## Your objective
The expected response is the full listing, retyped exactly, without its images.

## Data excerpt
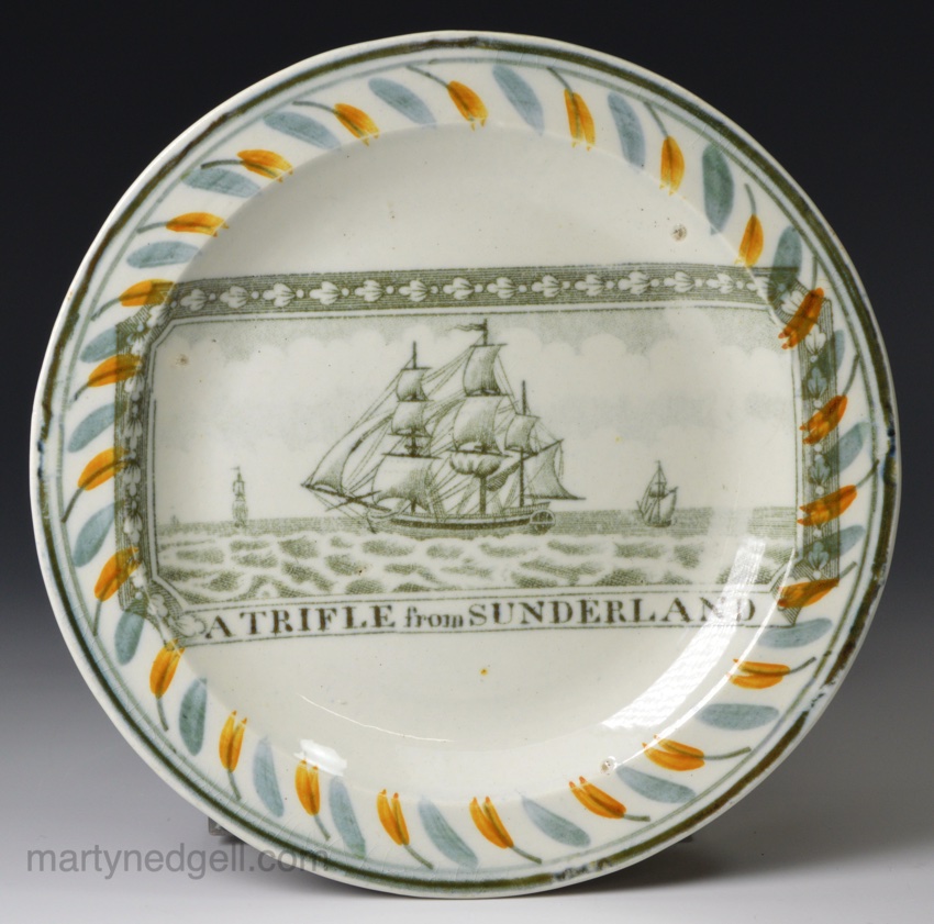 / Small prattware pottery plate ‘A TRIFLE from SUNDERLAND’, circa 1825
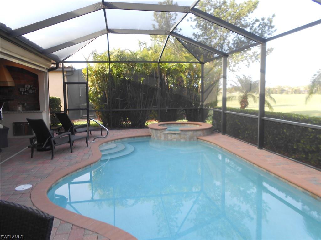 Available for November and December.This u201cTurnkey,u201d Coastal u201cIsabellau201d home was built in 2016 and has been meticulously maintained. Enjoy views of the sun setting over the golf course and donu2019t be afraid to utilize the automatic roll down storm screen at the lanai if the sun gets too warm. This home will make it easy to entertain your guests with the built-in grill at the lanai that offers ample, sheltered outdoor living space. The home also features a heated pool and spa, plank tile flooring, plantation shutters, tray ceilings, crown molding, upgraded lighting and fans, impact rated windows, and lush landscaping offering privacy. Bonita National has the best amenities in Southwest Florida highlighted by the resort-style pool with rock waterfall and poolside bar and grill, grand clubhouse with golf ,formal and informal dining, card rooms, 8 Har-Tru lighted tennis courts, spa, large fitness center. Located in the heart of SWFL, close to Bonita Beach, dining, shopping.
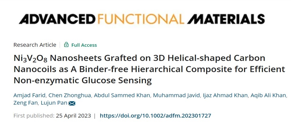 近日,我校宝威体育平台潘路军教授课题组在高效葡萄糖检测的新型非酶葡萄糖传感器(NEGS)研究上取得突破性进展,相关成果“Ni3V2O8Nanosheets Grafted on 3D Helical-shaped Carbon Nanocoils as A Binder-free Hierarchical Composite for Efficient Non-enzymatic Glucose Sensing”在国际期刊Advanced Functional Materials上发表。研究成果对于定量、可靠的葡萄糖检测、糖尿病管理以及生物技术、制药、食品加工等领域都具有重要意义。

## Answer below
 / Small prattware pottery plate ‘A TRIFLE from SUNDERLAND’, circa 1825
 Available for November and December.This u201cTurnkey,u201d Coastal u201cIsabellau201d home was built in 2016 and has been meticulously maintained. Enjoy views of the sun setting over the golf course and donu2019t be afraid to utilize the automatic roll down storm screen at the lanai if the sun gets too warm. This home will make it easy to entertain your guests with the built-in grill at the lanai that offers ample, sheltered outdoor living space. The home also features a heated pool and spa, plank tile flooring, plantation shutters, tray ceilings, crown molding, upgraded lighting and fans, impact rated windows, and lush landscaping offering privacy. Bonita National has the best amenities in Southwest Florida highlighted by the resort-style pool with rock waterfall and poolside bar and grill, grand clubhouse with golf ,formal and informal dining, card rooms, 8 Har-Tru lighted tennis courts, spa, large fitness center. Located in the heart of SWFL, close to Bonita Beach, dining, shopping.
 近日,我校宝威体育平台潘路军教授课题组在高效葡萄糖检测的新型非酶葡萄糖传感器(NEGS)研究上取得突破性进展,相关成果“Ni3V2O8Nanosheets Grafted on 3D Helical-shaped Carbon Nanocoils as A Binder-free Hierarchical Composite for Efficient Non-enzymatic Glucose Sensing”在国际期刊Advanced Functional Materials上发表。研究成果对于定量、可靠的葡萄糖检测、糖尿病管理以及生物技术、制药、食品加工等领域都具有重要意义。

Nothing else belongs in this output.